Taryn Swiatek

Personal information
- Date of birth: February 4, 1981 (age 45)
- Place of birth: Calgary, Alberta, Canada
- Height: 1.77 m (5 ft 10 in)
- Position: Goalkeeper

Youth career
- 1999–2002: University of Calgary

Senior career*
- Years: Team / Apps / (Gls)
- 2003–2007: Ottawa Fury
- 2004: → Fortuna Hjørring (loan)

International career
- 2001–2007: Canada / 27 / (0)

Medal record
Women's soccer
Representing Canada
Pan American Games
| Silver medal – second place | 2003 Santo Domingo | Team |
| Bronze medal – third place | 2007 Rio de Janeiro | Team |

= Taryn Swiatek =

Canadian soccer player (born 1981)

Taryn Swiatek (born February 4, 1981, in Calgary, Alberta) is a retired Canadian professional soccer player.

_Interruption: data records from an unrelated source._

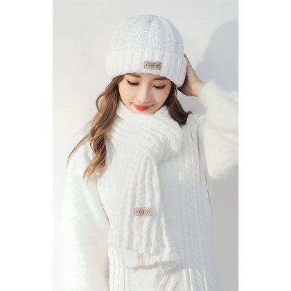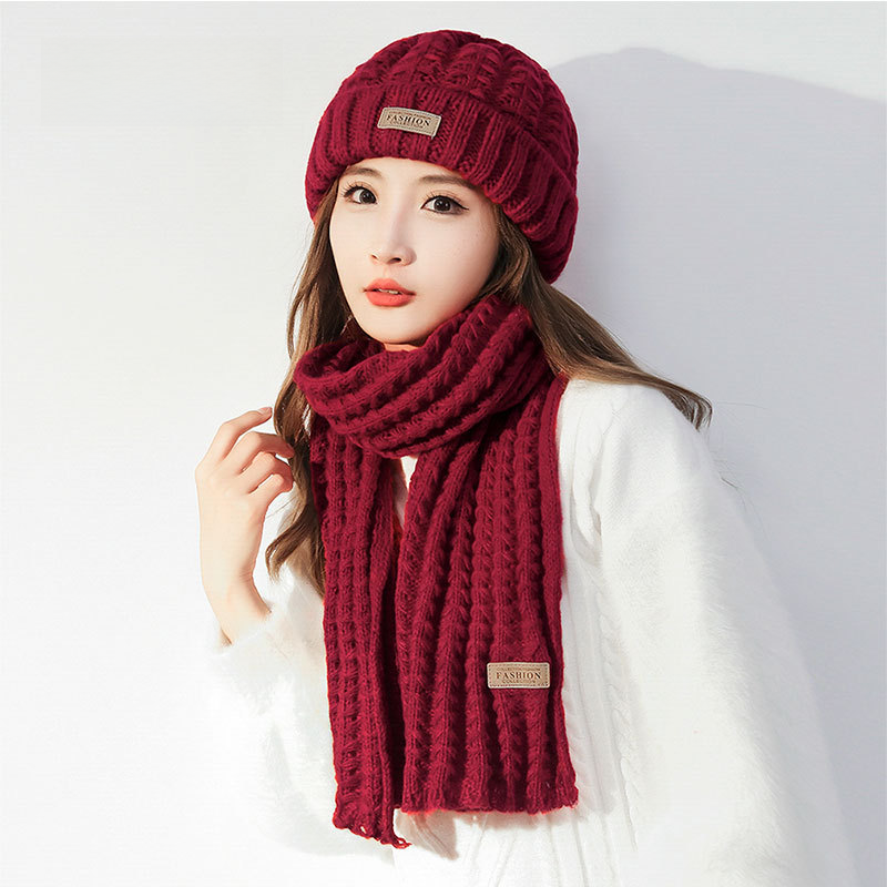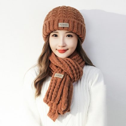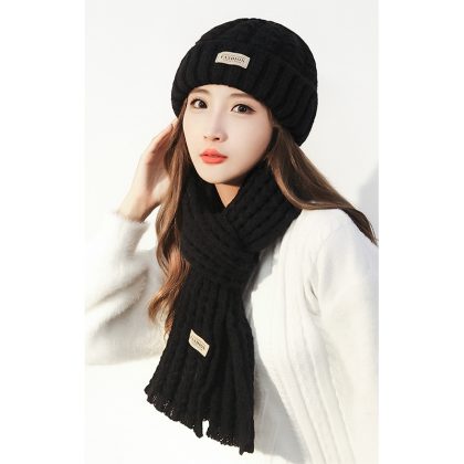 | nameOriginal | Winter Women's Korean-style warm scarf solid color woolen hat Internet Celebrity All-match two-piece set neck protection knitted hat |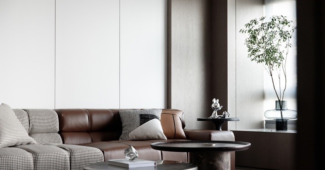 空间色彩白与咖的碰撞,优雅、朴素、庄重而不失雅致;家具材质,沙发布艺与真皮的拼接舒适且充满质感。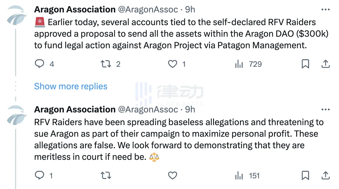 · Aragon DAO:诉讼旨在对 AA 成员追责,保护投资者资金

Swiatek played as goalkeeper for the Canada national team, which placed fourth in the FIFA Women's World Cup competition in 2003.
She also joined with the Ottawa Fury soccer team in the W-League. Swiatek formally announced her retirement from the game of soccer in late January 2008.

==Education==
After graduating from Western Canada High School Swiatek attended the University of Calgary, where she played on the Dino's soccer team. She played for the Dinos from 1999 to 2001 and sat out the 2002 season with a knee injury.